Supplied data »
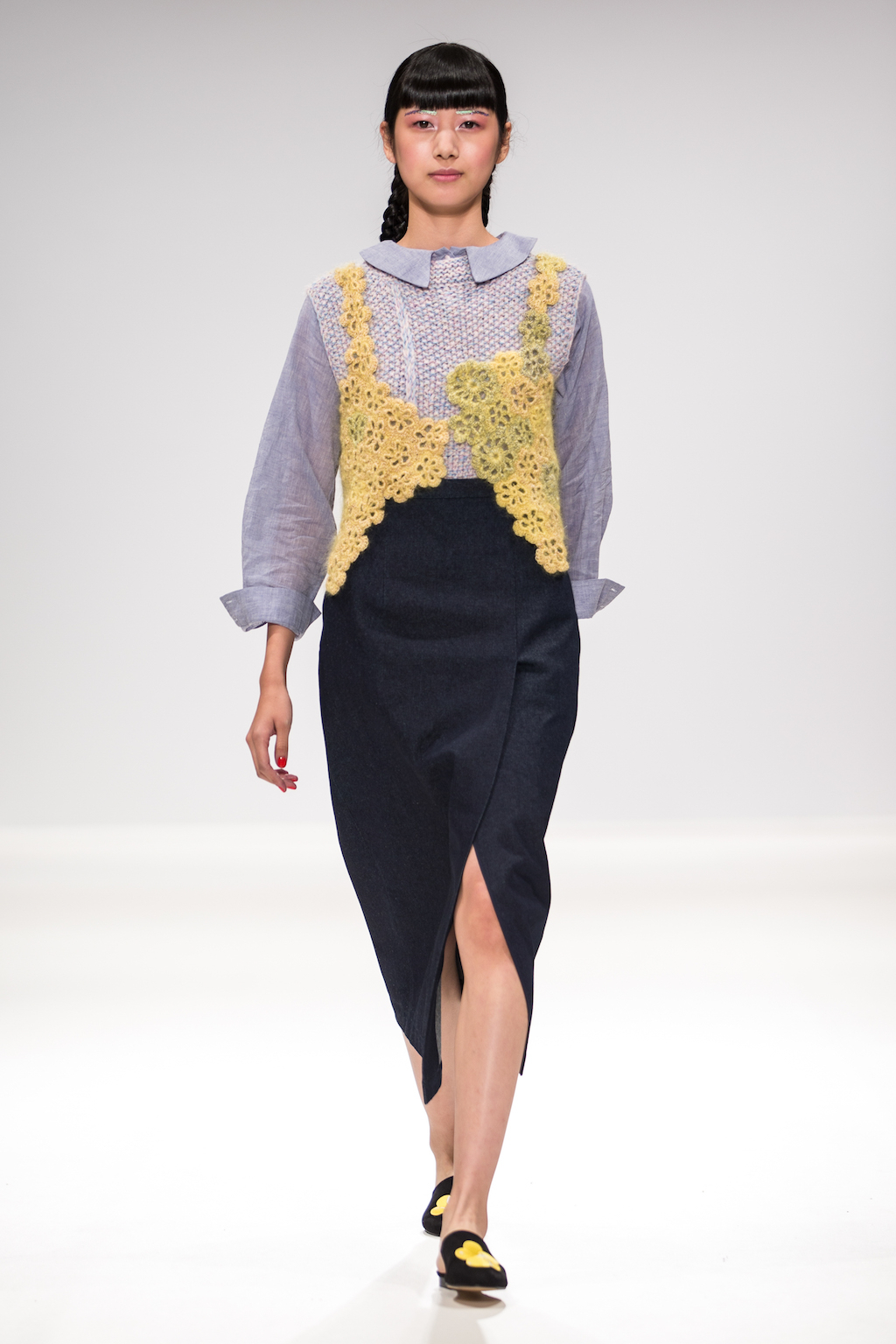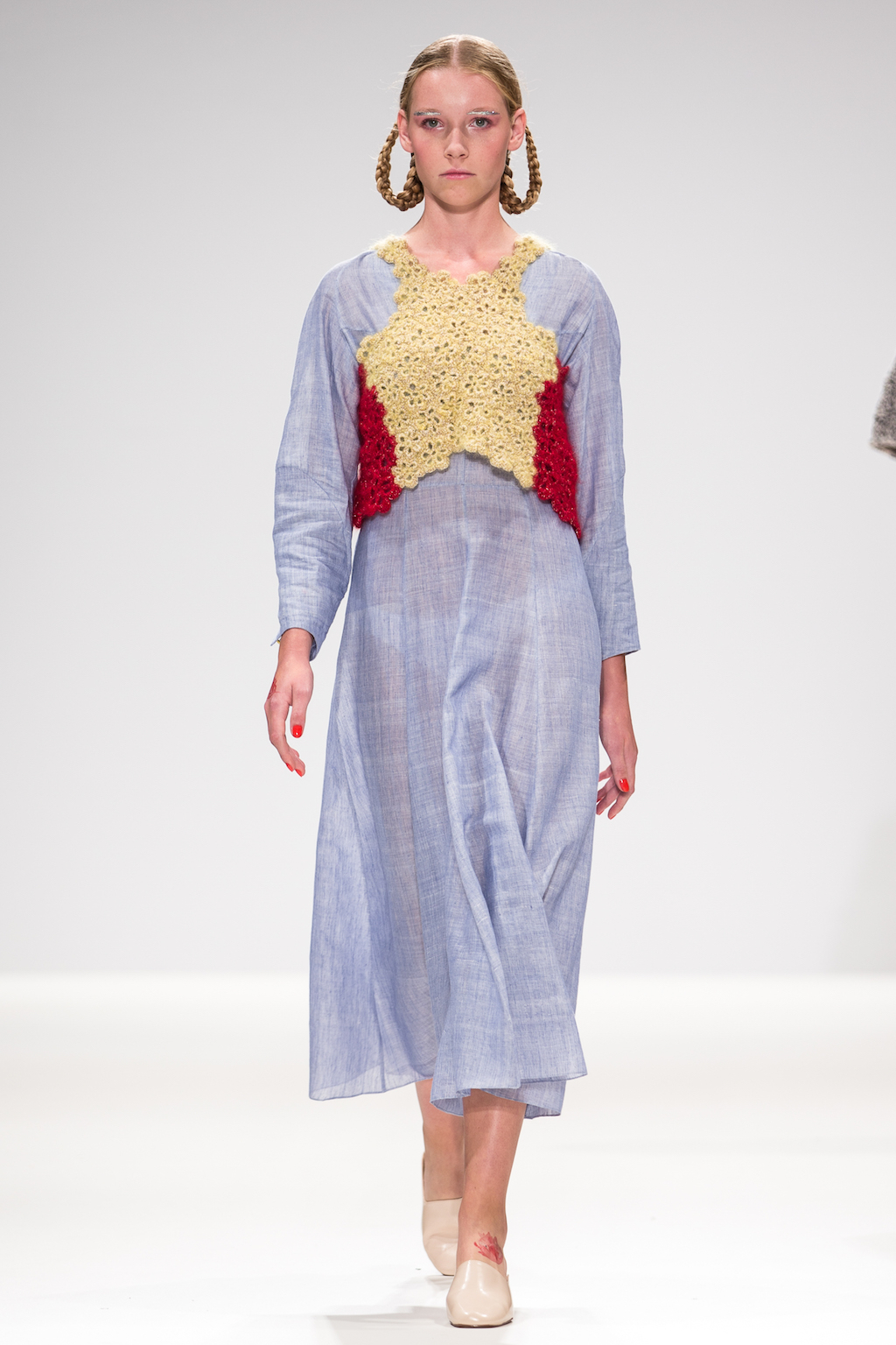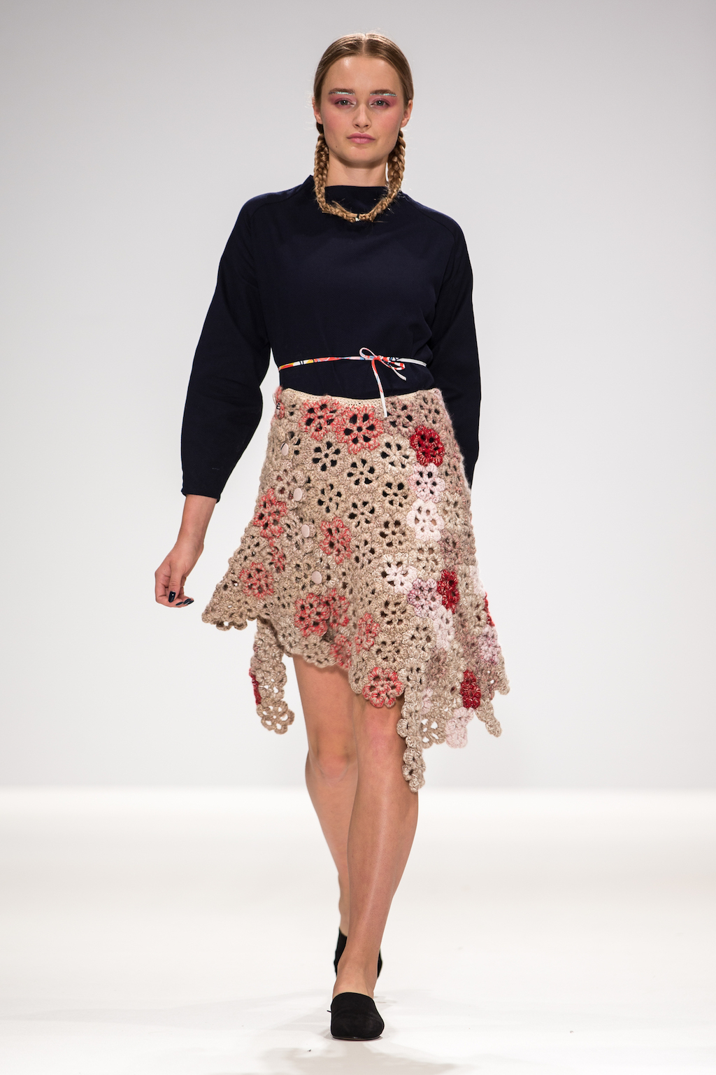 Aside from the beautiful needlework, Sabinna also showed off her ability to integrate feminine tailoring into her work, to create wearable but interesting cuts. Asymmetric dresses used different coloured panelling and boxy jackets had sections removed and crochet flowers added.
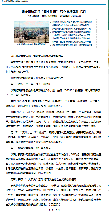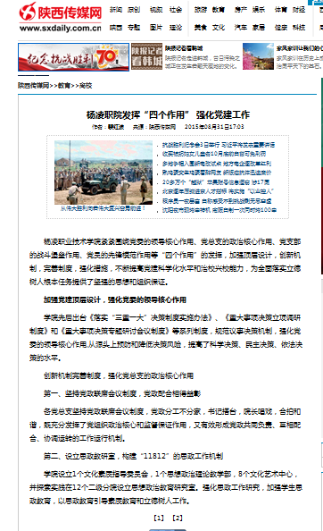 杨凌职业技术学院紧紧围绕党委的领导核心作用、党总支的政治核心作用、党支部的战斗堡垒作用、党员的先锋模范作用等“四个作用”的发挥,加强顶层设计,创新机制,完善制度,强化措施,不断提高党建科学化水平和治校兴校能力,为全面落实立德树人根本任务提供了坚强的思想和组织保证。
...
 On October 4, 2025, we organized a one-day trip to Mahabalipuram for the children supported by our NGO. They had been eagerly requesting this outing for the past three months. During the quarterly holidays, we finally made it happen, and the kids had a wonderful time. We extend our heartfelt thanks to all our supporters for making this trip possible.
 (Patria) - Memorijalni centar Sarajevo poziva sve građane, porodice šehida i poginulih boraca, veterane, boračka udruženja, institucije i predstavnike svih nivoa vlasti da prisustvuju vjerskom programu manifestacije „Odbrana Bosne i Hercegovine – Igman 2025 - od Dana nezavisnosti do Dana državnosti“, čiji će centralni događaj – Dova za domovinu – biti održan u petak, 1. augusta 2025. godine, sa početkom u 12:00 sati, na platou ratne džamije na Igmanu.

Directions for this task » Starting from the line with "Aside from the" in the records above, repeat each line exactly until you have written the line with "杨凌职业技术学院紧紧围绕党委", then stop; drop the pictures.

Final answer »
 Aside from the beautiful needlework, Sabinna also showed off her ability to integrate feminine tailoring into her work, to create wearable but interesting cuts. Asymmetric dresses used different coloured panelling and boxy jackets had sections removed and crochet flowers added.
 杨凌职业技术学院紧紧围绕党委的领导核心作用、党总支的政治核心作用、党支部的战斗堡垒作用、党员的先锋模范作用等“四个作用”的发挥,加强顶层设计,创新机制,完善制度,强化措施,不断提高党建科学化水平和治校兴校能力,为全面落实立德树人根本任务提供了坚强的思想和组织保证。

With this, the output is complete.